ECLI:NL:RBDHA:2025:10335
Rechtbank Den Haag
- Eerste aanleg - enkelvoudig
- Rechtspraak.nl
Niet-ontvankelijkheid van het verzet in asielprocedure met betrekking tot Kroatië
In deze zaak heeft de Rechtbank Den Haag op 12 juni 2025 uitspraak gedaan over het verzet van een opposant tegen een eerdere uitspraak van 30 december 2024, waarin zijn asielaanvraag ongegrond werd verklaard. De rechtbank heeft het verzet behandeld op 8 mei 2025, maar de opposant en zijn gemachtigde hebben zich afgemeld voor de zitting. De rechtbank heeft in de eerdere uitspraak geoordeeld dat er voor Kroatië kan worden uitgegaan van het interstatelijk vertrouwensbeginsel en dat er geen aanleiding was voor de toepassing van artikel 17 van de Dublinverordening.

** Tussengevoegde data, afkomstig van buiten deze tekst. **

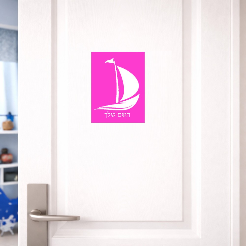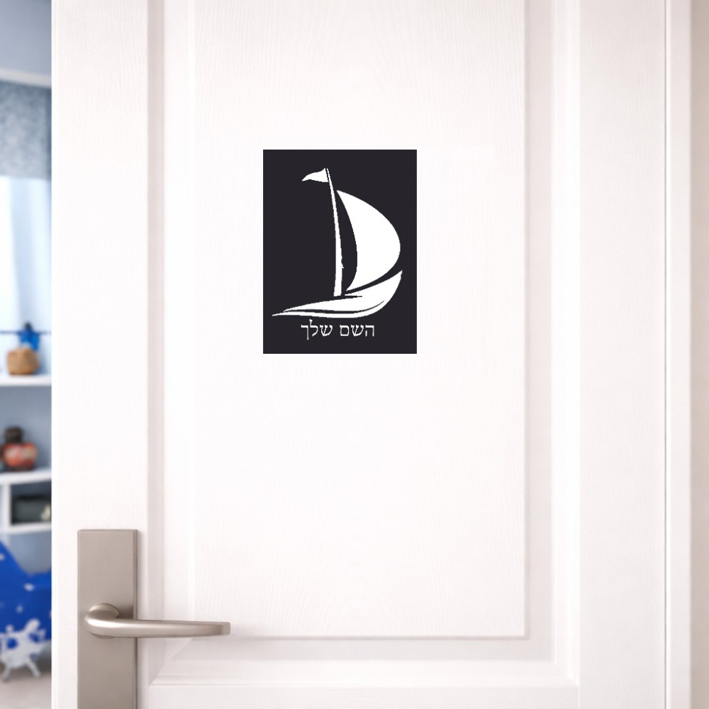 שלט אלומיניום קטן לחדר בעיצוב אישי עם השם שלך בעיצוב סירה גודל השלט 15 × 20 ס"מ. את השם המבוקש ניתן לציין בהזמנה, אם לא צויין אנחנו ניצור קשר לבירור.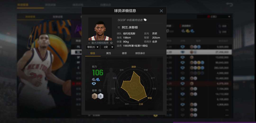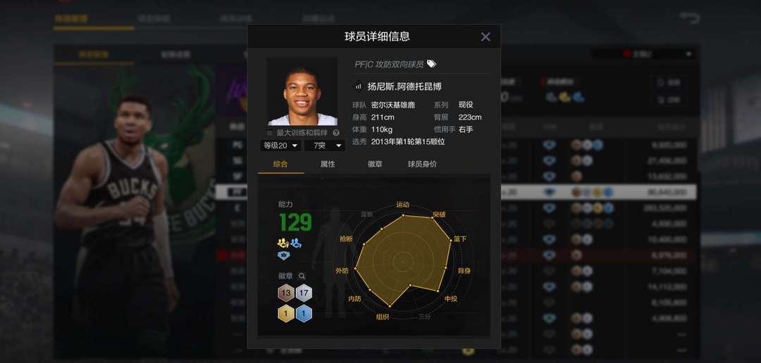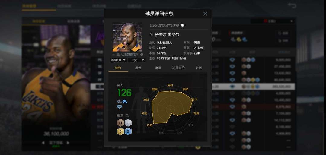 装备描述:极品街头王朝五亿阵容六突时刻湖人奥尼尔湖人鲨鱼十突字母哥十突布朗休斯敦班巴历史阿里扎可排位

De rechtbank heeft in deze uitspraak enkel beoordeeld of de eerdere uitspraak terecht was en of er reden was om te twijfelen aan de ongegrondheid van het beroep. De opposant voerde aan dat de rechtbank onvoldoende rekening had gehouden met zijn persoonlijke situatie in Kroatië en dat de standaardoverwegingen in het besluit niet voldeden aan de zorgvuldigheidsvereisten. Hij stelde dat zijn psychische klachten en kwetsbaarheid niet waren meegenomen in de beoordeling.
De rechtbank heeft echter vastgesteld dat de gemachtigde van de opposant op 7 mei 2025 had laten weten dat er een vlucht naar Kroatië voor de opposant was geboekt en dat er sindsdien geen contact meer was geweest. Dit leidde de rechtbank tot de conclusie dat de opposant geen belang meer had bij de beoordeling van het verzet, waardoor het verzet niet-ontvankelijk werd verklaard. De rechtbank heeft geen proceskostenveroordeling opgelegd, aangezien het verzet niet inhoudelijk werd beoordeeld.